Last summer, they got a call: a new caseworker from Turning Points, telling them that one piece of paperwork was missing. It turned out the document had never been filed. A month later, another call came. “We think we have the child for you,” the caseworker said.

It was a 6-year-old boy named Jordan who’d been in foster care most of his life; he hoped for a “forever family” that included two parents and a dog. “The worker said, ‘Can you guys do it in 24 hours? No? How about 48?’ We rushed to IKEA to try to get his room together. I was almost crying in the aisles,” Keighan says.

They got a week’s grace period when Jordan’s foster parents decided to wait until a summer school program ended before transferring the boy. He arrived with a couple of bins, two or three bags, and a bicycle. He loved the dogs — a corgi named Cornelius and especially Chronos, a black Lab mix. He was delighted by the bunk beds, the bathroom he wouldn’t have to share.

“I remember thinking: What are the rules on toothbrushing? How do we handle snacks? What do we do for lunch?” Keighan says. As for Michael, “I was figuring out how to do discipline, positive reinforcement, setting routines. But one of the coolest things about having Jordan as a fully formed 6-year-old was that he has his own personality. He’s such a sweet little kid; intrinsically, he just wants people to be happy.”

At the same time, Keighan says, there is still so much they don’t know. “Jordan was his own person, but we had no context for his entire life.”

When he arrived, he couldn’t recite the alphabet.

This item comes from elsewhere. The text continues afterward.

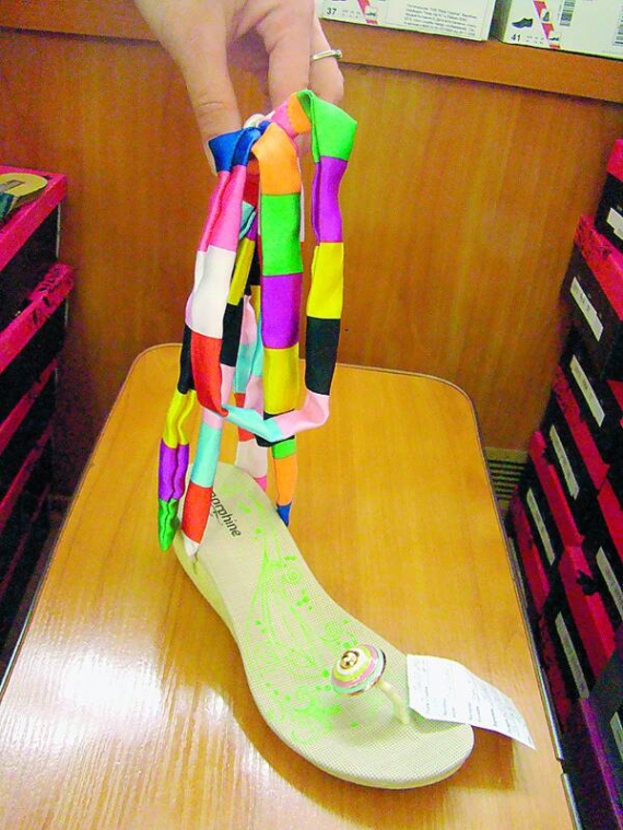 — В этом сезоне это писк моды. Уже вторую партию продаем. Здесь подошва из тунита, он не стирается, — рассказывает продавец магазина "Черевичек". — Благодаря цветной ленте можно подобрать любой верх.

Some morning drop-offs at camp went smoothly while others erupted in tantrums. “We didn’t have a relationship to be able to comfort him,” Keighan says.

What they did have was commitment to the boy who now reads whole children’s books, who wakes them each morning with a starfish jump on their bed, the child who won’t stop twirling in circles even when Michael warns him repeatedly that he might topple.

“I grew up trying to be in control of everything. There’s nothing that teaches you that you are not in control like a 7-year-old: I’ve told you to stop spinning a million times, and you don’t. I just need to be there when you fall.”